_EXERCISE PROMPT_. Please restate the entries below word for word, leaving out any pictures.

::::::::::

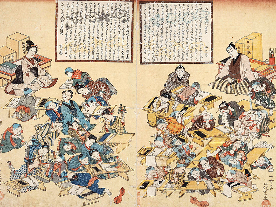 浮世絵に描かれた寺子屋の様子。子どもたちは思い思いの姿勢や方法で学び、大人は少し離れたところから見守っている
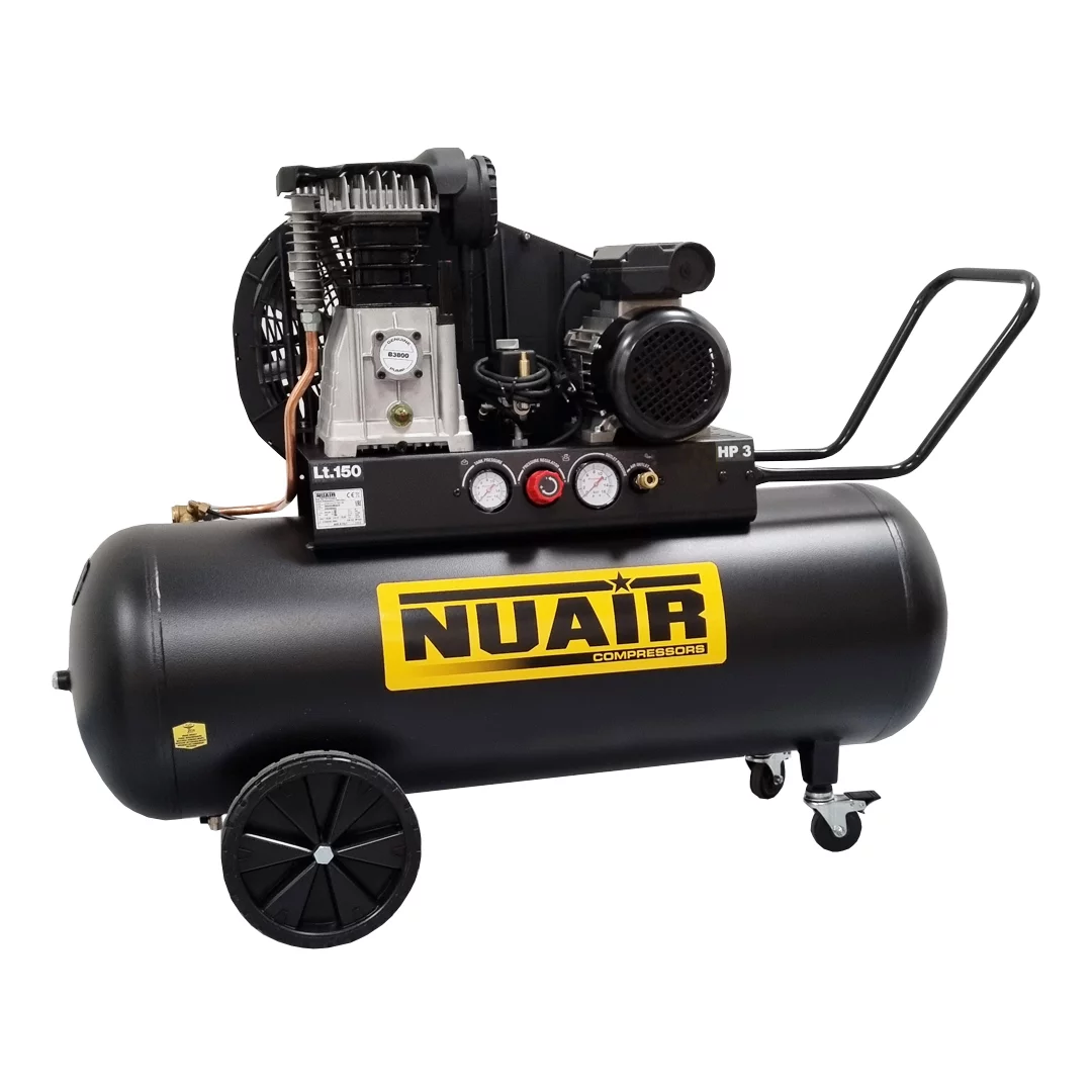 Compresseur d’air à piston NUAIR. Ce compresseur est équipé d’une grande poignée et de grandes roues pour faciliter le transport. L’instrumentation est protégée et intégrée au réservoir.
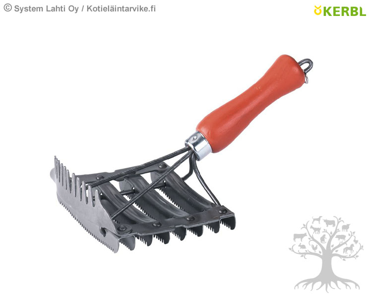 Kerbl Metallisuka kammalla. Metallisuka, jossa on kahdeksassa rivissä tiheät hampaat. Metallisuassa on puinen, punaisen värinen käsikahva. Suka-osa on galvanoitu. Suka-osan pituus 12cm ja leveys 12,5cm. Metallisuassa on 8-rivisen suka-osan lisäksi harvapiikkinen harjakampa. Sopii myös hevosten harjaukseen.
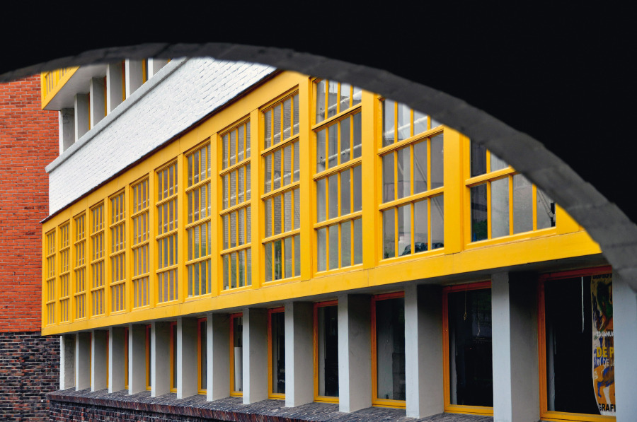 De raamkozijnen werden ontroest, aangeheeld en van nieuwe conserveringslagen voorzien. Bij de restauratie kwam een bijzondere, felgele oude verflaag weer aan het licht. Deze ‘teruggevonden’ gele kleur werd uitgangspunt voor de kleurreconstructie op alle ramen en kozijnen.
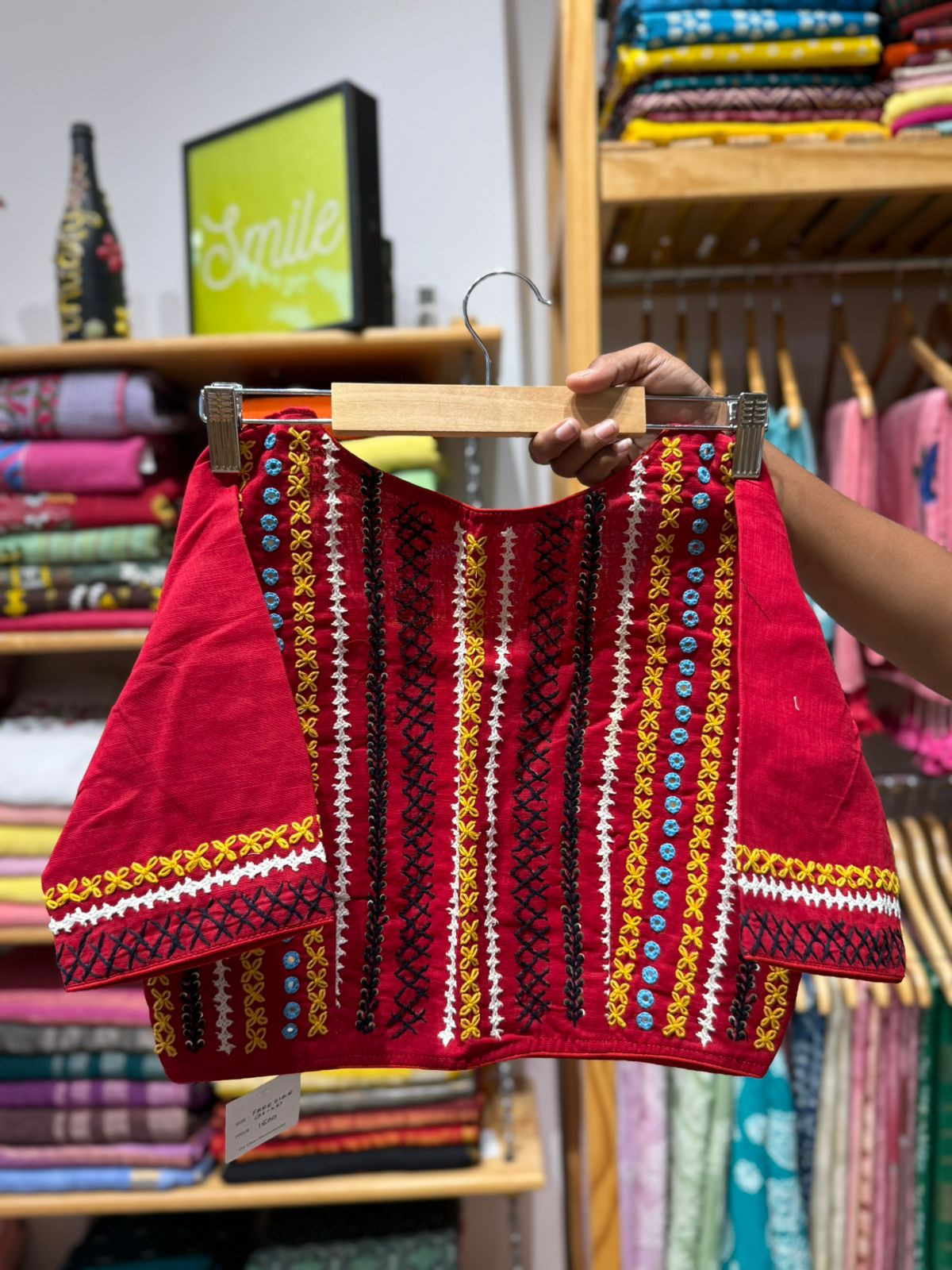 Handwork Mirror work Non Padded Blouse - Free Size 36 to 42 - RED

::::::::::

_RESULT OF THE EXERCISE_.
 浮世絵に描かれた寺子屋の様子。子どもたちは思い思いの姿勢や方法で学び、大人は少し離れたところから見守っている
 Compresseur d’air à piston NUAIR. Ce compresseur est équipé d’une grande poignée et de grandes roues pour faciliter le transport. L’instrumentation est protégée et intégrée au réservoir.
 Kerbl Metallisuka kammalla. Metallisuka, jossa on kahdeksassa rivissä tiheät hampaat. Metallisuassa on puinen, punaisen värinen käsikahva. Suka-osa on galvanoitu. Suka-osan pituus 12cm ja leveys 12,5cm. Metallisuassa on 8-rivisen suka-osan lisäksi harvapiikkinen harjakampa. Sopii myös hevosten harjaukseen.
 De raamkozijnen werden ontroest, aangeheeld en van nieuwe conserveringslagen voorzien. Bij de restauratie kwam een bijzondere, felgele oude verflaag weer aan het licht. Deze ‘teruggevonden’ gele kleur werd uitgangspunt voor de kleurreconstructie op alle ramen en kozijnen.
 Handwork Mirror work Non Padded Blouse - Free Size 36 to 42 - RED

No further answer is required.